Data to process:
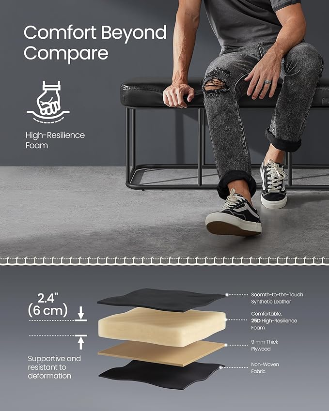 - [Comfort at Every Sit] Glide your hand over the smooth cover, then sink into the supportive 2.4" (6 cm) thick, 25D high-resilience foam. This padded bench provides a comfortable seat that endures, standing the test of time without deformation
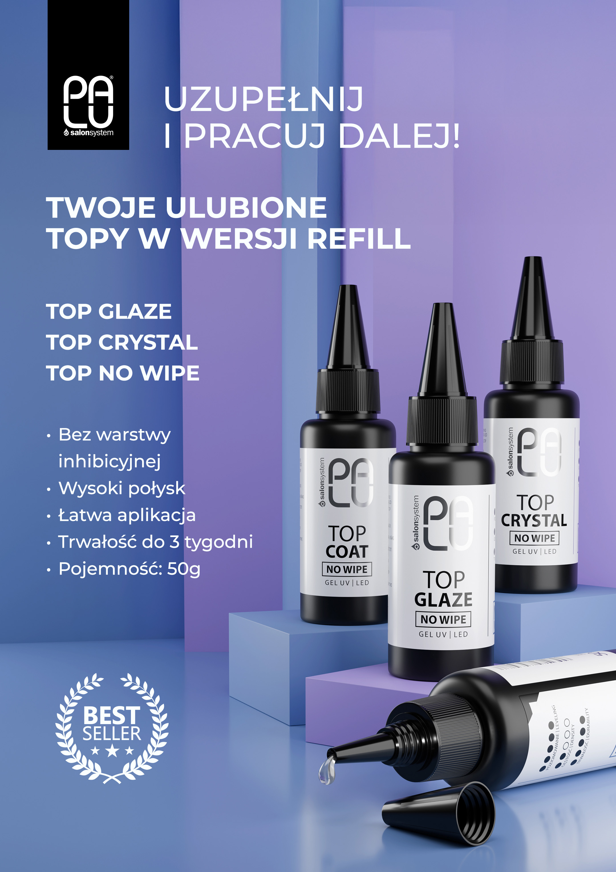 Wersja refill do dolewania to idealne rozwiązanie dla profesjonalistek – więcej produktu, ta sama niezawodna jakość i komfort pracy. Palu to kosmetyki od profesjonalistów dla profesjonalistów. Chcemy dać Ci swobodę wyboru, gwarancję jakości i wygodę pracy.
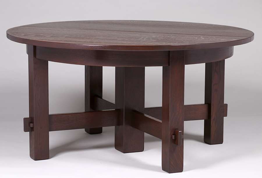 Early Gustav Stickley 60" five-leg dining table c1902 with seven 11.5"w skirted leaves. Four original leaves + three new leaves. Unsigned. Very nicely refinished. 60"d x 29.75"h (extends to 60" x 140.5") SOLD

* * *

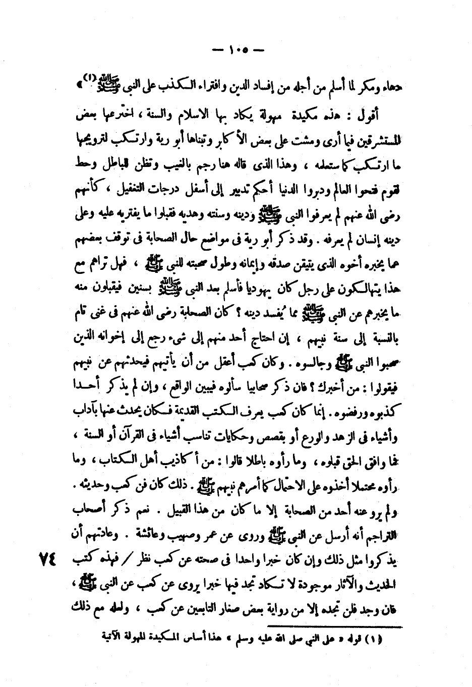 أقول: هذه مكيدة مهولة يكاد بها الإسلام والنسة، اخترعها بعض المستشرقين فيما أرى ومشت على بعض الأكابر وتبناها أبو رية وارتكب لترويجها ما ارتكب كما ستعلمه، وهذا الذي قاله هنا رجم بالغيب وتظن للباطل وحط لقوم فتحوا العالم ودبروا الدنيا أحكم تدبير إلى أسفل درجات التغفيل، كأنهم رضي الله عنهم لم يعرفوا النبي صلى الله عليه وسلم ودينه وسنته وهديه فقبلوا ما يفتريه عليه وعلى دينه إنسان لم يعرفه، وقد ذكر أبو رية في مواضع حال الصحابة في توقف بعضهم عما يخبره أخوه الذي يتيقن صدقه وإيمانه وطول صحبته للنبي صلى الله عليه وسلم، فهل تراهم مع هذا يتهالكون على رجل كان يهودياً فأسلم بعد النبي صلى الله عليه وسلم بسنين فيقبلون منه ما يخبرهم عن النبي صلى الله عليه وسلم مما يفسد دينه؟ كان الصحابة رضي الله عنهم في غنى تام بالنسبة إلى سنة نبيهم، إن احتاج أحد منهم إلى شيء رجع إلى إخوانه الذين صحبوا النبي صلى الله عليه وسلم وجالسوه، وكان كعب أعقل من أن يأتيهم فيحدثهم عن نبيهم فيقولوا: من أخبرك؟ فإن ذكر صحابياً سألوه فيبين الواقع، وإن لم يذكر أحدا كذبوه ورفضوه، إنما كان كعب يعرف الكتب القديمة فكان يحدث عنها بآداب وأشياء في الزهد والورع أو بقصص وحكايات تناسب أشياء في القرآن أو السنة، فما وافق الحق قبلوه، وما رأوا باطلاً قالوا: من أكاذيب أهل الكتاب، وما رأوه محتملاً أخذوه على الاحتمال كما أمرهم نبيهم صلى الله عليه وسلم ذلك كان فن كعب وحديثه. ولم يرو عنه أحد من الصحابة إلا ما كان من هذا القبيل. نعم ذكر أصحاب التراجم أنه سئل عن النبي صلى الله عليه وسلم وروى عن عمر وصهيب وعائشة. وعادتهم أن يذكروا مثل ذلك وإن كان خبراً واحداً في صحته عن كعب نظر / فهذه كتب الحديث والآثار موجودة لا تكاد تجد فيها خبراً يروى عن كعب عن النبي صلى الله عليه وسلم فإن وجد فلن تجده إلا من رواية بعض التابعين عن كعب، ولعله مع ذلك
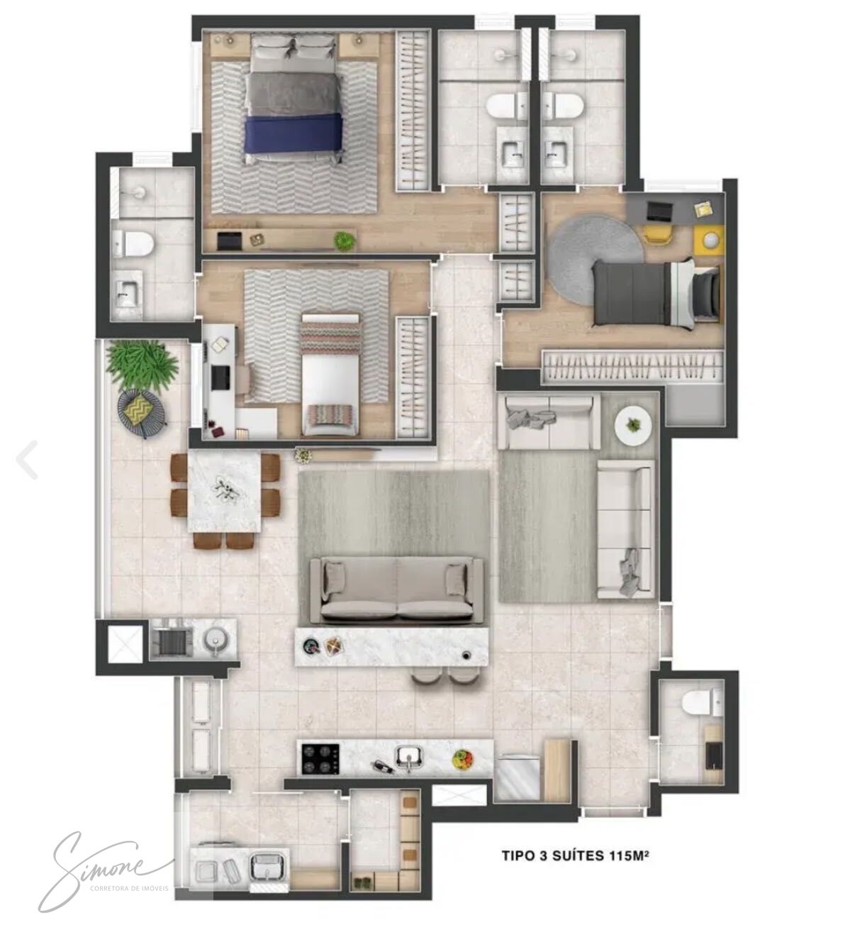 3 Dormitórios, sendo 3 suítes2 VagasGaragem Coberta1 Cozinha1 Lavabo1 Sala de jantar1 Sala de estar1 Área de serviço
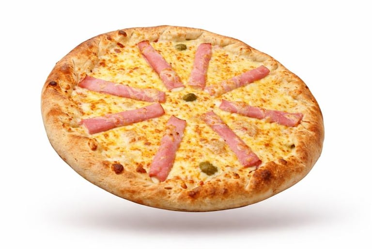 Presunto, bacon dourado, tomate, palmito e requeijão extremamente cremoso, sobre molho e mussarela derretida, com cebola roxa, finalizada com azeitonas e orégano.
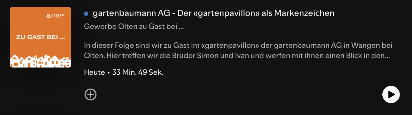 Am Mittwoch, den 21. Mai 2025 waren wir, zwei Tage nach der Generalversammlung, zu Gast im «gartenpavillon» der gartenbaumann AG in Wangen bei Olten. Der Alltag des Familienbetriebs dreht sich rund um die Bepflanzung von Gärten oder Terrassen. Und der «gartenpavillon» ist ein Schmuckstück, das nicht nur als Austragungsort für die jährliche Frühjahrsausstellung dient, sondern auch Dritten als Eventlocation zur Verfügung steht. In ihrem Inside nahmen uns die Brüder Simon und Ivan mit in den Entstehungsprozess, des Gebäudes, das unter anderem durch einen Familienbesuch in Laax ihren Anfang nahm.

Your task:
Leaving each picture behind, please give again exactly the lines above from the one with "- [Comfort at" through the one with "Early Gustav Stickley", both included, and no others.

Response area:
 - [Comfort at Every Sit] Glide your hand over the smooth cover, then sink into the supportive 2.4" (6 cm) thick, 25D high-resilience foam. This padded bench provides a comfortable seat that endures, standing the test of time without deformation
 Wersja refill do dolewania to idealne rozwiązanie dla profesjonalistek – więcej produktu, ta sama niezawodna jakość i komfort pracy. Palu to kosmetyki od profesjonalistów dla profesjonalistów. Chcemy dać Ci swobodę wyboru, gwarancję jakości i wygodę pracy.
 Early Gustav Stickley 60" five-leg dining table c1902 with seven 11.5"w skirted leaves. Four original leaves + three new leaves. Unsigned. Very nicely refinished. 60"d x 29.75"h (extends to 60" x 140.5") SOLD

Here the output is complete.